> [REQUIRED ACTION]: Below is a listing from which only part is wanted; return exactly the lines from the one with "Beschreibung: 2 db" up to and including the one with "Prostřední je pak".

> [DATA SHOWN]:

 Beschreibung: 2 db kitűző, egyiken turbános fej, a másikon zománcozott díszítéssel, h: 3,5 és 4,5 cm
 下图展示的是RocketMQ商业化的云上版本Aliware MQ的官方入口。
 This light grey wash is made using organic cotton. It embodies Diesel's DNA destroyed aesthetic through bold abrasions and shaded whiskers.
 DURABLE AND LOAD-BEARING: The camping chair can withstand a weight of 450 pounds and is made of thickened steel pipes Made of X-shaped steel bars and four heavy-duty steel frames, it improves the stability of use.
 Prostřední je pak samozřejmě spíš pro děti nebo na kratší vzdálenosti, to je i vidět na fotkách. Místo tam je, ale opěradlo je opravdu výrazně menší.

--

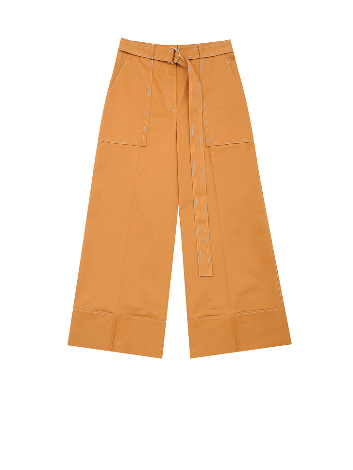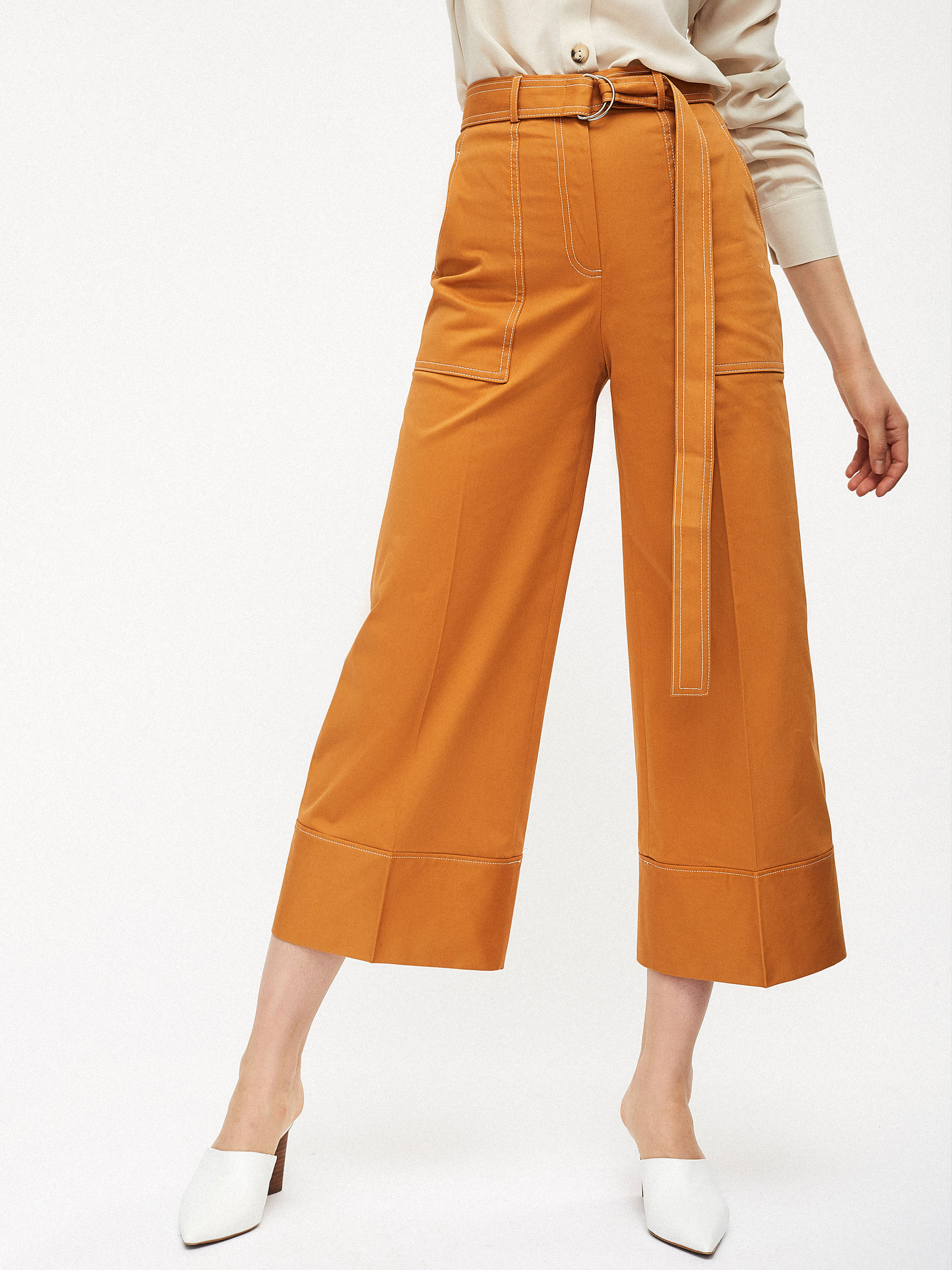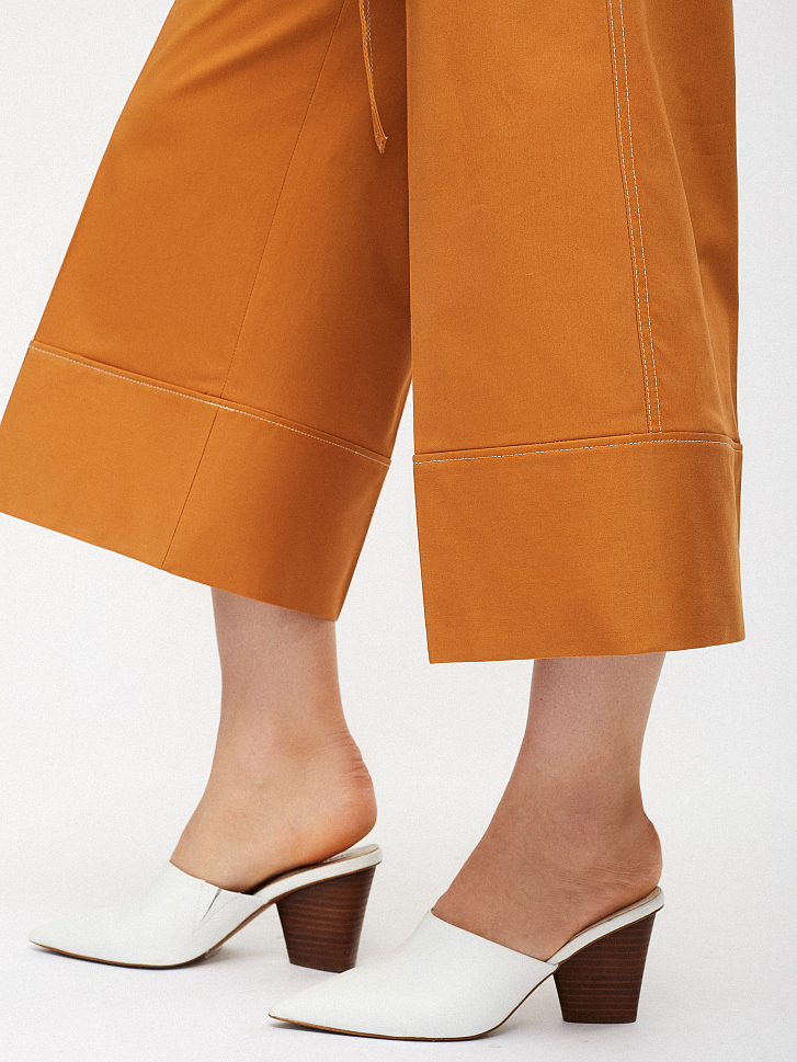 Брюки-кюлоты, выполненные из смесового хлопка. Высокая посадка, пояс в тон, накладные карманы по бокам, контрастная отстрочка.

> [SOLUTION FOR THIS TASK]:
 Beschreibung: 2 db kitűző, egyiken turbános fej, a másikon zománcozott díszítéssel, h: 3,5 és 4,5 cm
 下图展示的是RocketMQ商业化的云上版本Aliware MQ的官方入口。
 This light grey wash is made using organic cotton. It embodies Diesel's DNA destroyed aesthetic through bold abrasions and shaded whiskers.
 DURABLE AND LOAD-BEARING: The camping chair can withstand a weight of 450 pounds and is made of thickened steel pipes Made of X-shaped steel bars and four heavy-duty steel frames, it improves the stability of use.
 Prostřední je pak samozřejmě spíš pro děti nebo na kratší vzdálenosti, to je i vidět na fotkách. Místo tam je, ale opěradlo je opravdu výrazně menší.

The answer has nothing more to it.